I am not against this...by any means. Healthcare providers should be held accountable and the consumer should have that information to aid in the decision making process. But how do you "measure" the outcome of a life lived fully with no regrets and a a peaceful death? Each of us will die...mortality and taxes are givens ;) The difference is that some will die never knowing how to truly be happy in the moment while others will die knowing that they've done something meaninful with the gift from Big Ernie. Some will whimper on the way out, and others will sing. It's a glass half full type of deal.
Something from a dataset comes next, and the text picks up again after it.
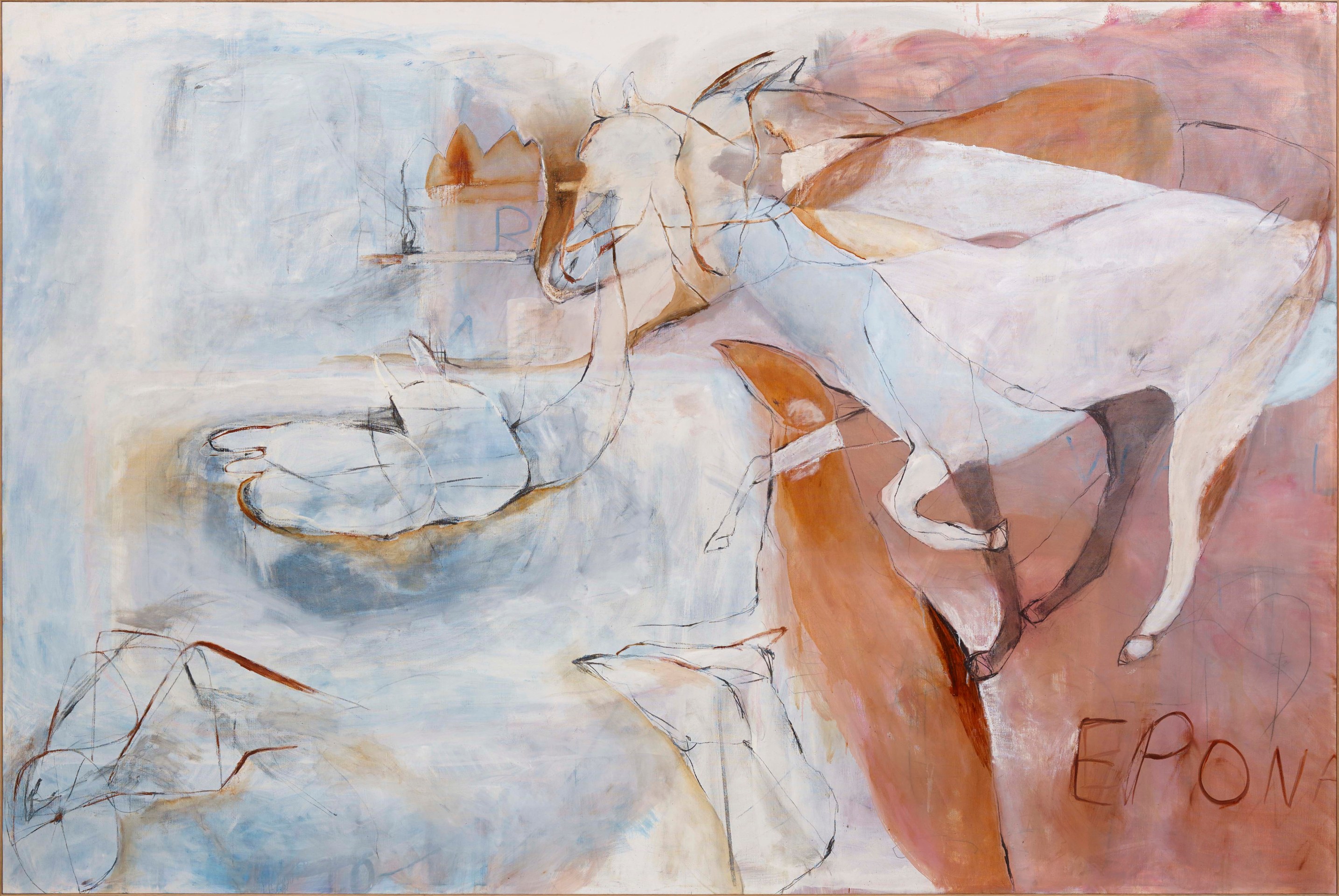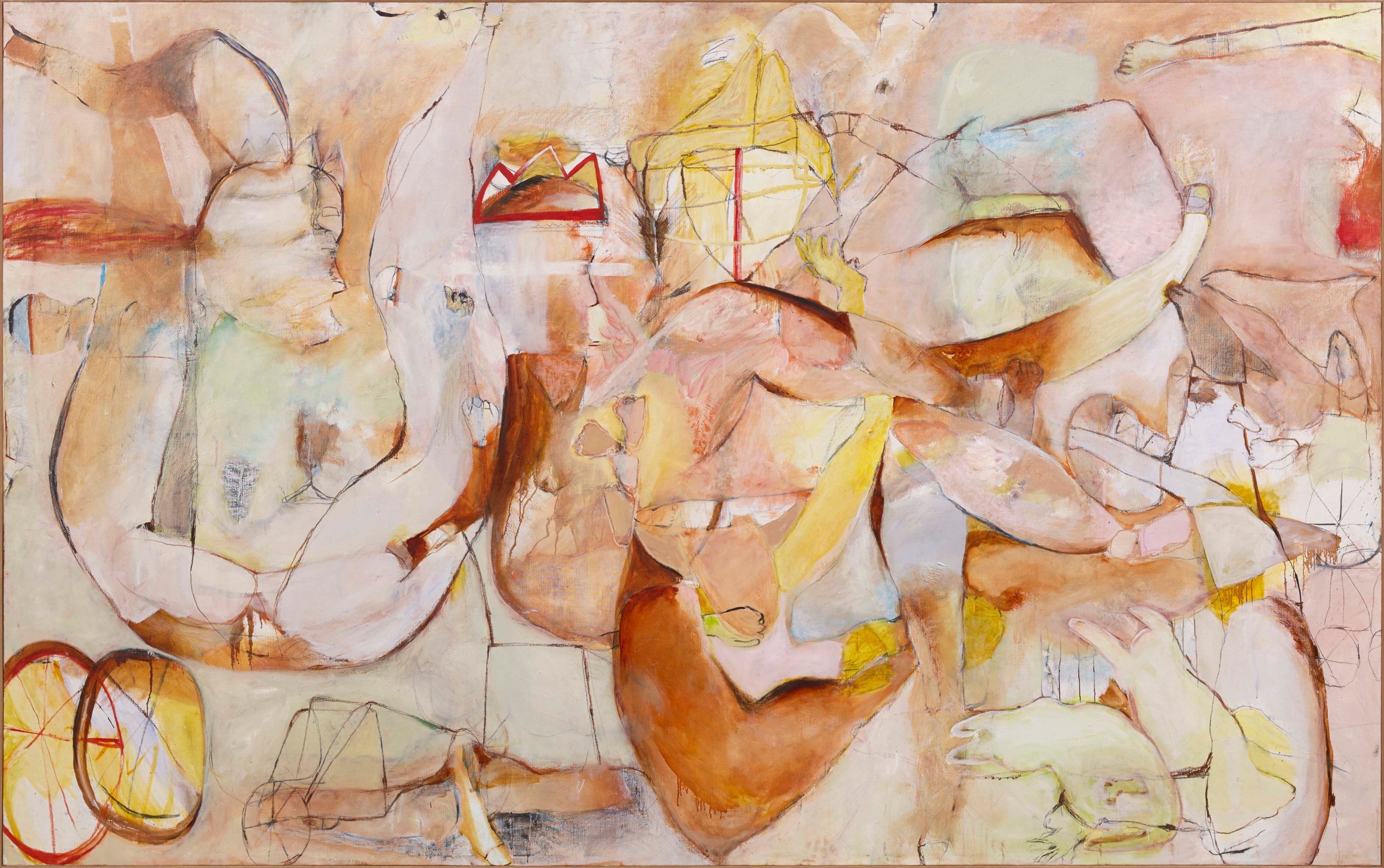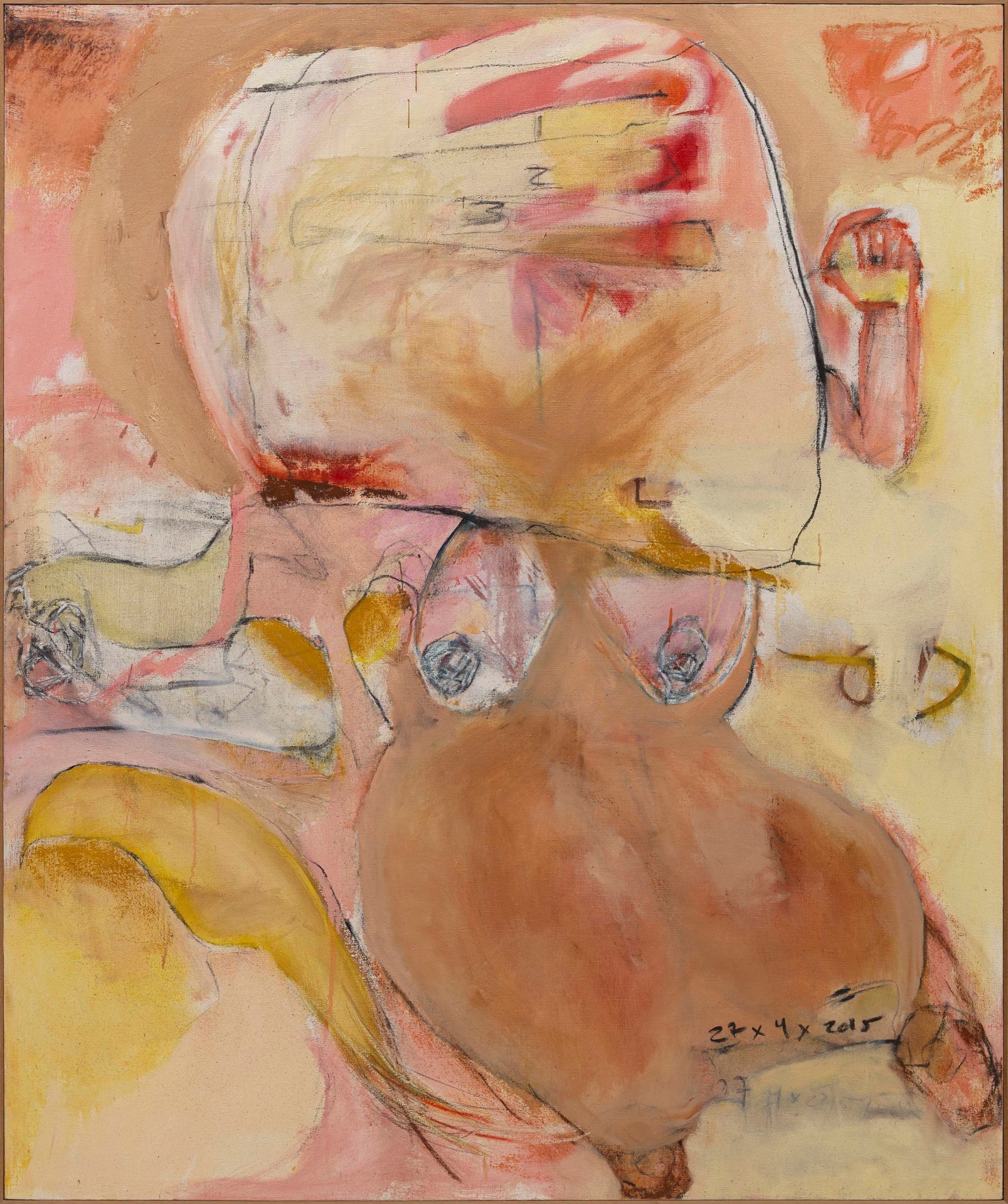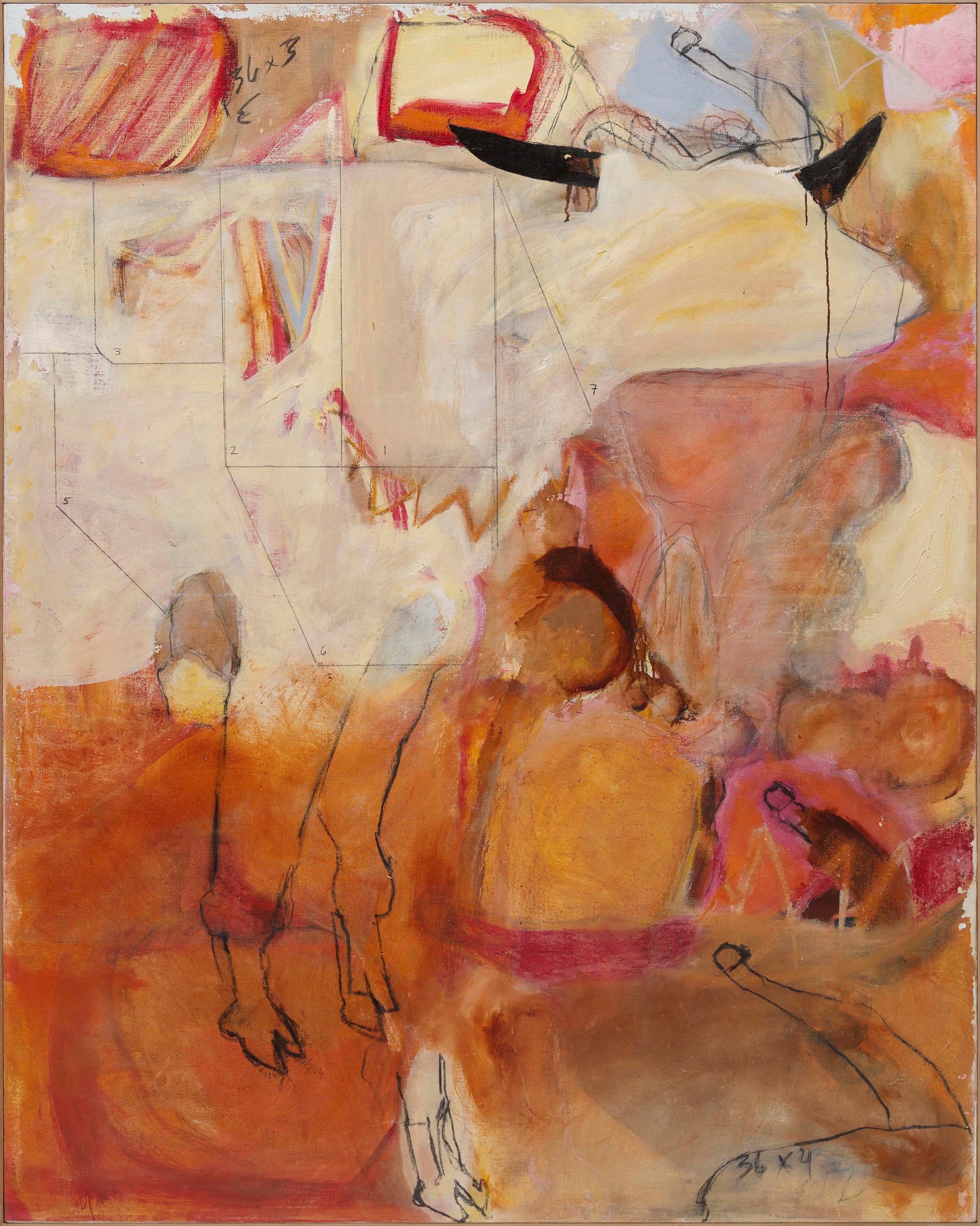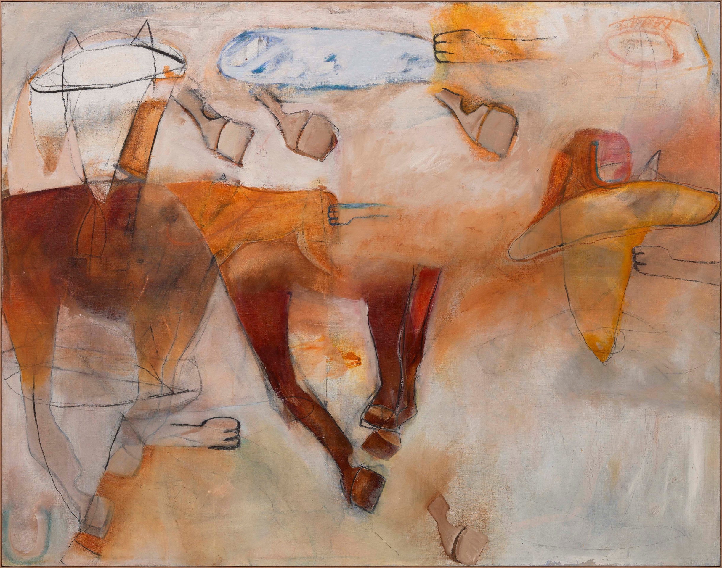 ‘All the King’s Horses’, a title taken from the famous English nursery rhyme, is a rich tapestry of body parts such as breasts, arms, phalli, and feet, animals including horses, numbers, and other seemingly random objects figuratively woven together in abstract expressionist form, tell a story and elucidate a complex thought process, capturing the primal movements in her mind, which previously came from her body.

That is where the improvments can be made. Palliative care seeks to keep a patient comfortable and maximize the quality of the time that is left rather than focusing on a "cure", per se. That is not to say that all treatment is abandoned. Many treatments, including chemotherapy and radiation, can be used palliatively to keep a patient out of pain or buy him or her a little more time to deal with end of life issues like finances and resolution of family matters. Yet the focus is always on QUALITY of life.

That's not a childhood dream, but an adult one. And I intend to find a way to make it happen for more people. I don't know how or when, but the karma is out there somewhere to pull that discipline into the prominent spot that it should be within the medical community. And I intend to be a part of it. As Randy says, the brick walls are there for a reason...to see how bad you really want something. I've hit a lot of them and given up before.

Thanks dude. The fire has been re-kindled.